📝 Original Info
- Title: GSAE: Graph-Regularized Sparse Autoencoders for Robust LLM Safety Steering
- ArXiv ID: 2512.06655
- Date: 2025-12-07
- Authors: Researchers from original ArXiv paper
📝 Abstract
Large language models (LLMs) face critical safety challenges, as they can be manipulated to generate harmful content through adversarial prompts and jailbreak attacks. Many defenses are typically either black-box guardrails that filter outputs, or internals-based methods that steer hidden activations by operationalizing safety as a single latent feature or dimension. While effective for simple concepts, this assumption is limiting, as recent evidence shows that abstract concepts such as refusal and temporality are distributed across multiple features rather than isolated in one. To address this limitation, we introduce Graph-Regularized Sparse Autoencoders (GSAEs), which extends SAEs with a Laplacian smoothness penalty on the neuron co-activation graph.

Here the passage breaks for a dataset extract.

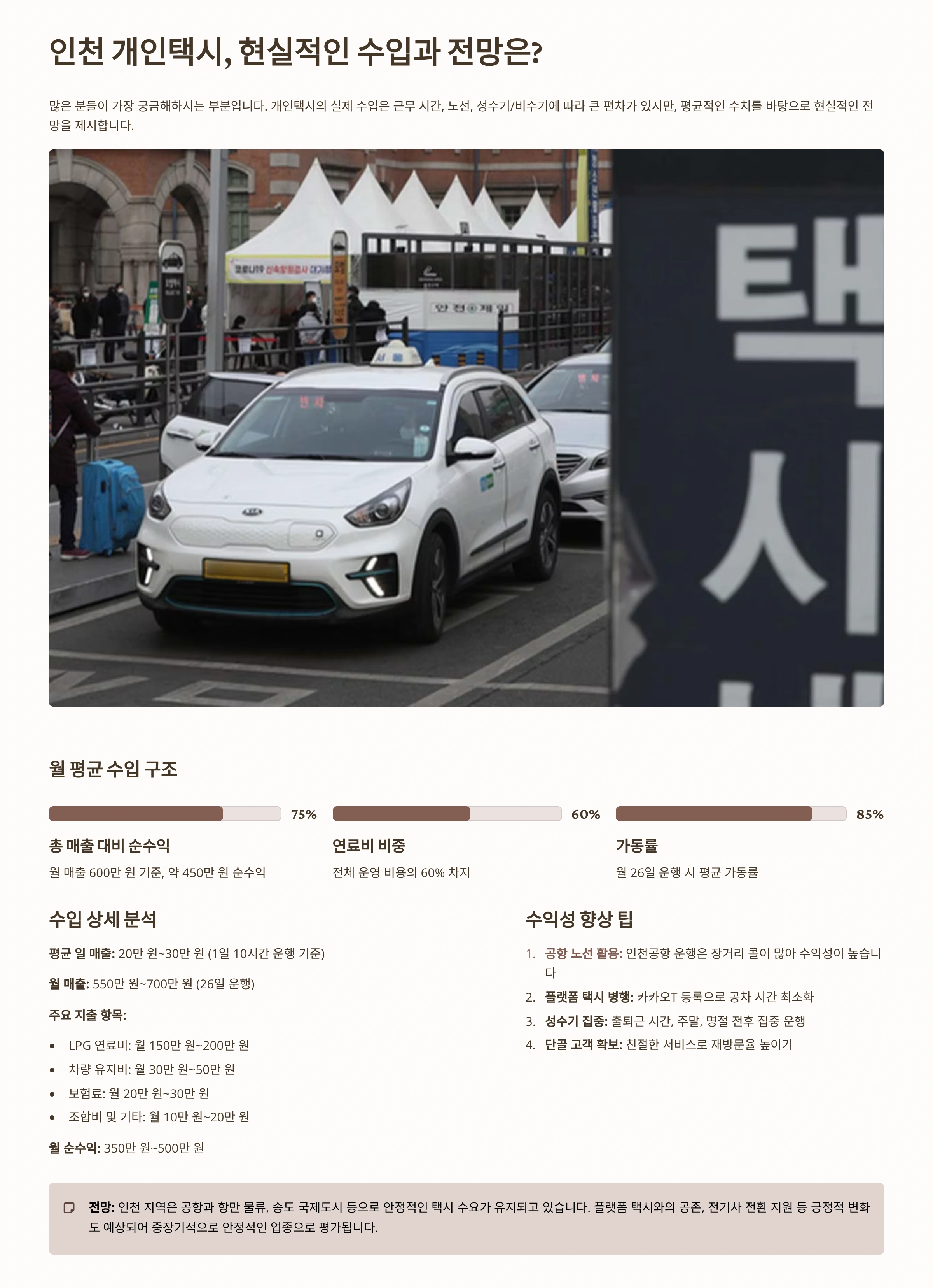 6. 인천 개인택시, 현실적인 수입과 전망은? 📊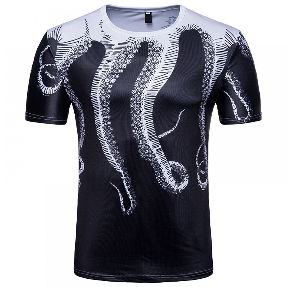 Men's Shirt Marine Fresh Wind Printing Octopus 3D Printing T-Shirt Short Sleeve

Unlike standard SAEs that assign each concept to a single latent feature, GSAEs recover smooth, distributed safety representations as coherent patterns spanning multiple features. We empirically demonstrate that GSAE enables effective runtime safety steering, assembling features into a weighted set of safety-relevant directions and controlling them with a two-stage gating mechanism that activates interventions only when harmful prompts or continuations are detected during generation. This approach enforces refusals adaptively while preserving utility on benign queries. Across safety and QA benchmarks, GSAE steering achieves an average 82% selective refusal rate, substantially outperforming standard SAE steering (42%), while maintaining strong task accuracy (70% on TriviaQA, 65% on TruthfulQA, 74% on GSM8K). Robustness experiments further show generalization across LLaMA-3, Mistral, Qwen, and Phi families and resilience against jailbreak attacks (GCG, AutoDAN), consistently maintaining >= 90% refusal of harmful content.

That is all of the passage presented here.